Yes! Five moved up a space, largely because he was kind of nice to Tegan in this novel. I got the impression that he was fully aware that she was trying not to be such a bitch, anyway, and that counted for something.

And yes, I wound up liking Tegan a bit more than usual this time around. She's still in the low middle of the horde, but were I tracking it more precisely, she'd probably move up a spot or two as well. Adric, though, Adric is way down there with Peri and Mel and Ian. Nyssa... I dunno how I feel about Nyssa. Big Finish has been good to her, though, so I like her a lot more than I did during her TV tenure, but she was pretty much just there because she was supposed to be there in this book.

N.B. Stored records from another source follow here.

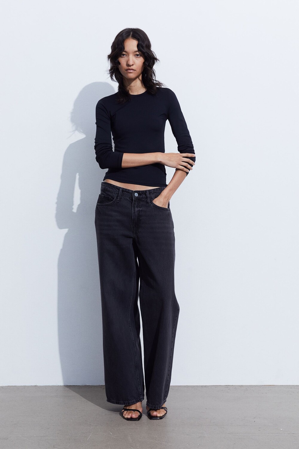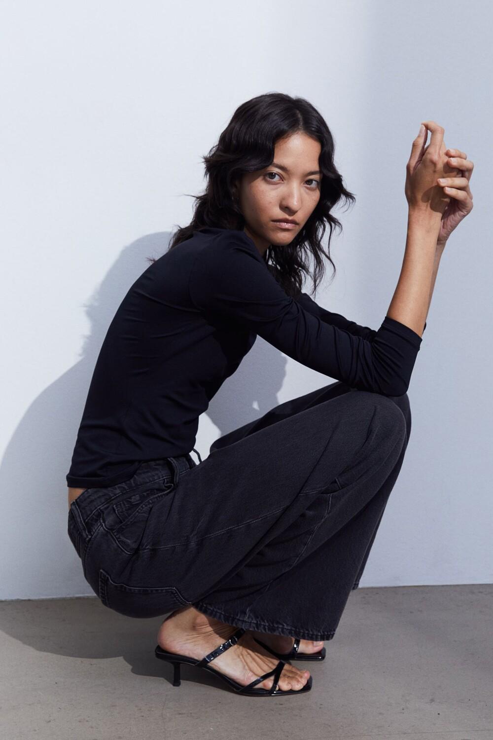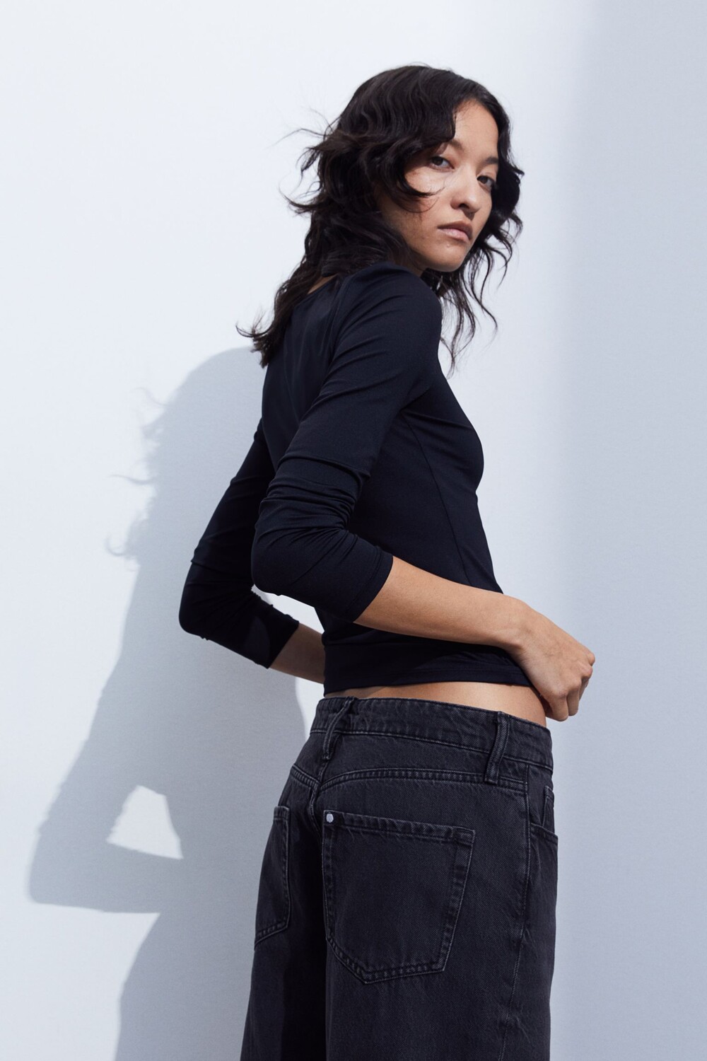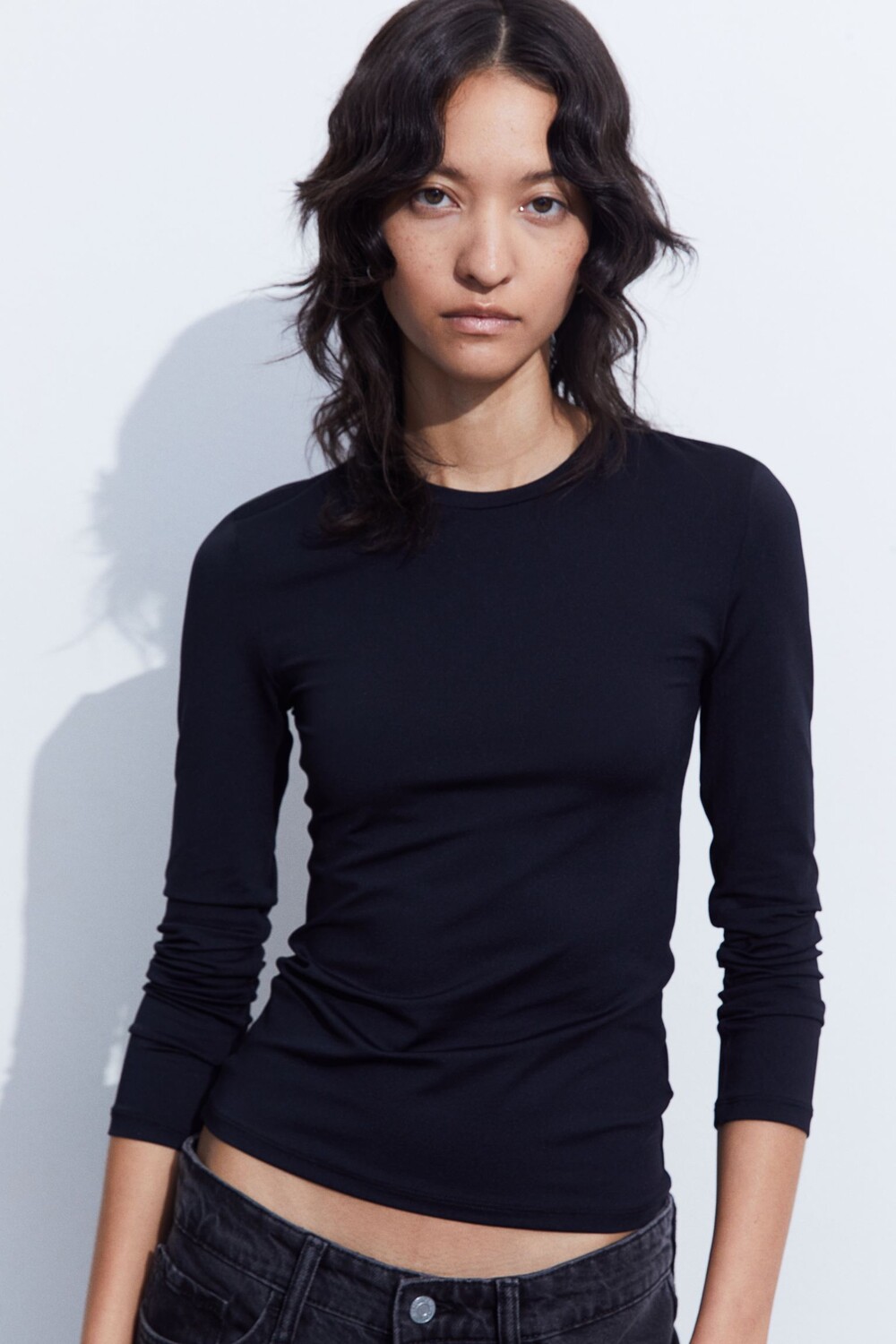Облегающий топ из мягкого трикотажа с круглым вырезом и длинными рукавами. Узкая окантовка вокруг выреза горловины.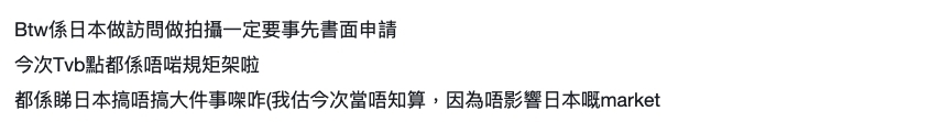 其實無綫2021年的旅遊節目《#好掛住日本》亦曾遭網民質疑主持人吳業坤和周奕瑋,非法利用奧運採訪簽證拍旅行節目。因為有網民指出如若在日本進行拍攝一定要先申請,雖然不知道這次攝製對是否有違法,但日本有肖像權,就算在街頭拍攝都要小心地處理。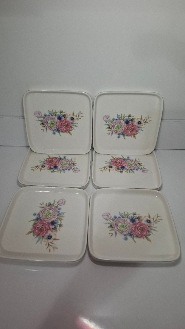 Altı adet beyaz kare tabak, üzerinde zarif çiçek desenleriyle servis için uygundur.

On to a Sixth Doctor novel, now. Sixie gets all the best Big Finish stories, so my hopes are a bit high, in that I hope the prose authors are as good to him as the audio drama authors are. There is lots of overlap in these, so I feel justified in my hope. Plus, I'm that rare bird, someone who liked him in his TV run. I may even have had a bit of a crush on Colin Baker. Yes, even the coat. Dude got to have no ducks to give to rock a coat like that, and I respect that.

*Which, there is totally a Neville Longbottom figure here, Runcible the Hall Monitor, but they're way meaner to him than the Hogwarts crew ever were to Neville so there, I've found one tiny thing in the HP universe that is better than something in Doctor Who. Popqueenie is punching the air.

**Some extra fan service is to be had here, by the way, for this book has tied the Whoniverse rather explicitly to the Cthulhu mythos, via these beings. And there's a connection to Gene Wolfe, too (and I promise, I'm going to finish Suns, Suns, Suns, oh yes I am), in that Ushas is the name by which Urth comes to be known at the end of his Solar Cycle. Oh, and the chapter titles are all the names of OMD songs. Shrug.

***So really they should have gotten an Indian actress to portray her, but you know, Kate O'Mara pwned it, so that's okay.